Connelly: I know! I’m not trying to say this is that film, I’m saying these are films that I admire and Dark Water has qualities in common.
Q: Well, Disney’s very excited about the movie and they have faith in it – they moved the release date up to a better weekend.
Connelly: I think it’s really good. I really do. I really like it. I’ll go out and say it! You’ll notice that I am quite careful, I don’t say I like something if I don’t. I try to be more sneaky. I really like the film, so I hope people go see it.
Q: Do you think that you could have played this role if you weren’t a parent?

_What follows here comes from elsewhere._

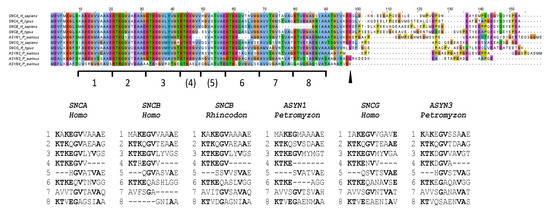 Characterizing highly divergent SNC genes provides intriguing new insights into the changes that synuclein proteins can undergo. The N-terminal repeat regions of the osteichthyan proteins analyzed prior to this study were quite homogeneous (see, e.g., [1,2,3,6,25,27]). However, when examining both chondrichthyan and agnathan proteins, a much greater diversity is observed (Figure 8; Supplementary File S6). The first interesting feature is the variability in the center of that region. In both the shark SNCB- and lamprey ASYN1-derived proteins, some amino acids are missing (Figure 8). Also, at least five independently generated small deletions can be found in that region in the 26 osteichthyan α-syn and β-syn proteins analyzed (Supplementary File S6). Given that this region is much more variable in length than previously assumed, it is reasonable to postulate that it initially consisted of typical 11-amino-acid-long repeats but is highly prone to suffer partial deletions. This may be due to the fact that it is precisely in this region (specifically, amino acids corresponding to repeat 4 in Figure 8), where the helical structure of the N-terminus of synucleins breaks under some physiological conditions, generating two small α-helices instead of a single, continuous one [14,15]. If this hypothesis is true, it would mean that the N-terminal region of synucleins originally did not have seven repeats, as generally assumed, but eight (as shown in Figure 8, bottom). The current pattern would have evolved in two steps: (1) a seven-amino-acid-long deletion, eliminating part of repeats 4 and 5, which happened before WGD1 (and it is thus found in all synucleins); and (2) additional deletions leading to a further shortening of these repeats in many lineages. Notably, in multiple cases (ASYN1 in lampreys, SNCA in Polypterus, Takifugu and Acipenser; SNCB in Takifugu and Danio), these recent deletions span four amino acids, leading to proteins that have lost exactly 11 amino acids, i.e., a complete repeat (see Petromyzon ASYN1 in Figure 8; the rest in Supplementary File S6).

Connelly: I’m of two minds about that. On the one hand I say, it’s all make believe. You don’t have to be a killer to play a killer. You use your imagination and intelligence and observation. My job isn’t to talk about my own life, to act out my own personal history, it’s to act out what’s on paper.

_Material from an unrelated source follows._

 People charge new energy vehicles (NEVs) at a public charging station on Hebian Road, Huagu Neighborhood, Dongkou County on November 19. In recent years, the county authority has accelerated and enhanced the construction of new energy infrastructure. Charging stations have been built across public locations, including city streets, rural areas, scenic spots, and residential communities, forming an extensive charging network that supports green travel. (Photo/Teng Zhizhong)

That said, I don’t know if without having been a parent I would have been able to know what it was actually like. I don’t know that I would have gotten there and been able to fathom the sort of profundity of that love. How wild it is, how uncliched it else, and to especially be able to imagine what it’s like to have your child’s life threatened.
Q: Is Dark Water going to have a scene with you standing on a pier? Is this going to be your fourth film with that?

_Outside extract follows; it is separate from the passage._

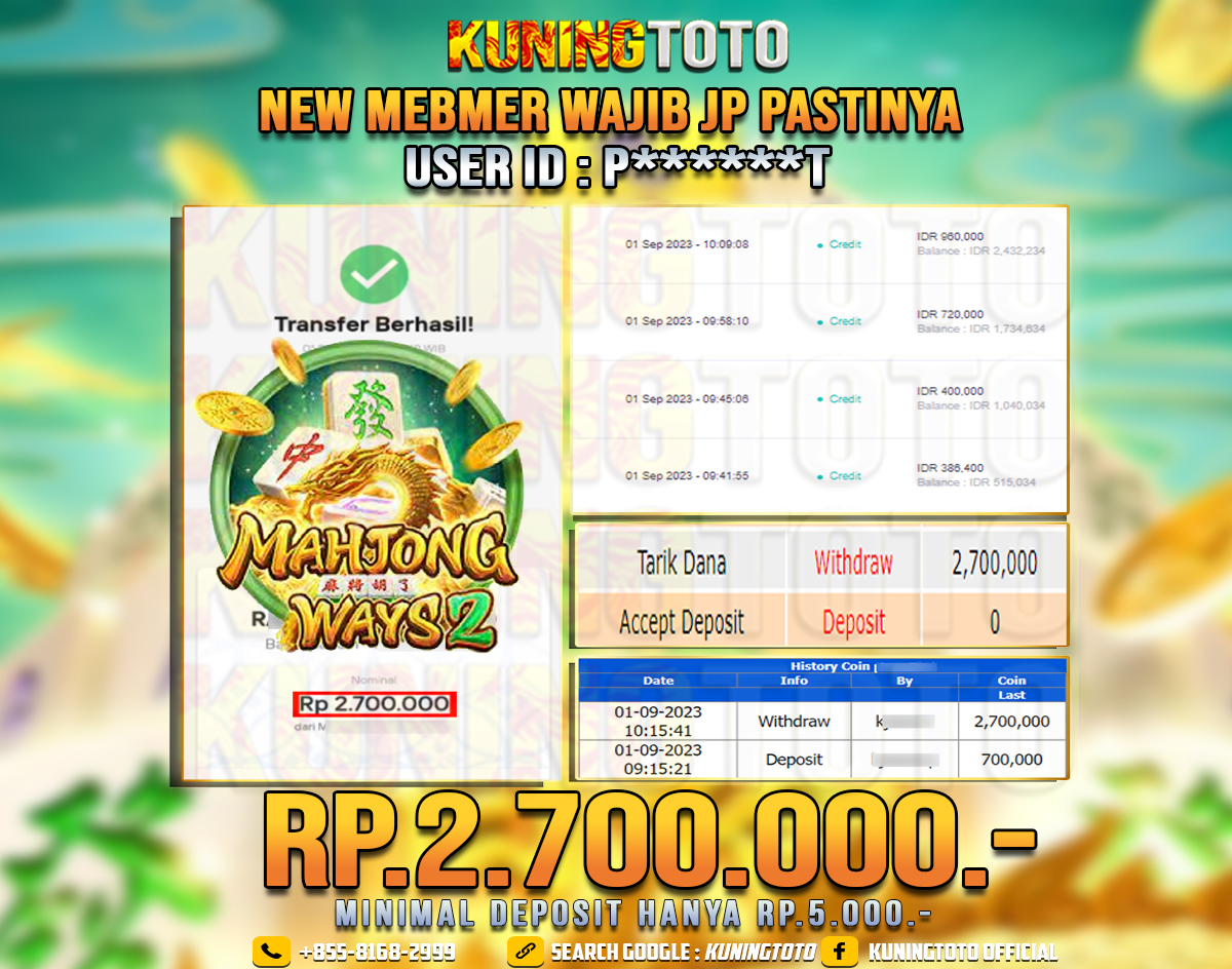 Bukti JP SLOT Member KUNING TOTO 01 September 2023 Memenangkan Jackpot Permainan Slot online sangat populer di kalangan pemain judi…

Connelly: [laughs] No it won’t! It’s funny, I said to Vadim [Perelman, director of House of Sand and Fog] “Wait, how many times have I done this now?” No, it was three times. Two in a red dress. I had one pier in a red dress in Dark City and then a pier in a red dress in Requiem for a Dream. I said to Darren, “You know, I have to tell you that I did a scene in a red dress on a pier in another film, can I change the dress? Should we mix it up a bit?” So we did talk about it. And then of course House of Sand and Fog. It’s quite unusual.
Q: You’re Brooklyn raised and you’re a Brooklyn resident. What is it about Brooklyn that you like?
Connelly: It’s still New York, which I think is great, because I think New York is a fantastic city. And it’s just a little bit quieter. It’s just a bit more kid friendly, and I’m at that point where I don’t really spend my time window shopping or going out to lunch. I spend my time when I’m not working with my kids, or going out to the park. It’s good for kids. I like that it’s just a little bit less fashionable, and a little bit more cozy.
Q: Well, the less fashionable bit is really changing.
Connelly: Yeah, I know, it’s getting there. But it’s just a little bit les stimulus.
Q: I have seen online that you’re going to be doing a film called The Berkley Connection, with Robert Duvall and Dustin Hoffman, but I can’t find any info about the movie itself. Can you spill any beans?
Connelly: Actually what I’m doing next is a film called Little Children, which is being directed by Todd Fields, and it stars Kate Winslet.
Q: What are you playing in that?
Connelly: I am playing a woman named Cathy – it’s a book by a guy named Tom Perrotta, who also wrote Election. Among other things. I play a sort of documentary filmmaking working mom, wife to a husband who is fooling around with the Kate Winslet character.
Q: So is Berkley Connection in your future?
Connelly: As far as I know that’s not something that’s imminent.
Q: To backtrack a little bit on your career, I’m curious as to what your take is on the mixed reactions to the Hulk.
Connelly: I don’t know… I guess to address that concretely I would have to know what specifically you’re asking.
Q: The film did well enough, but some people loved it and many people hated it. It seemed that it wasn’t what people expected it to be.
Connelly: I think that’s sort of what the best thing was going into it. It seemed to me that with Ang Lee directing this sort of film it wasn’t going to be your run of the mill kind of movie or interpretation of one of these kinds of films. I think that was par for the course, and I think that was one of the things that was exciting about it – that people would either think that it was fantastic and love it, or they wouldn’t get it. But it was trying to do something. I think it was deeply respectful of the medium, but at the same time really innovative.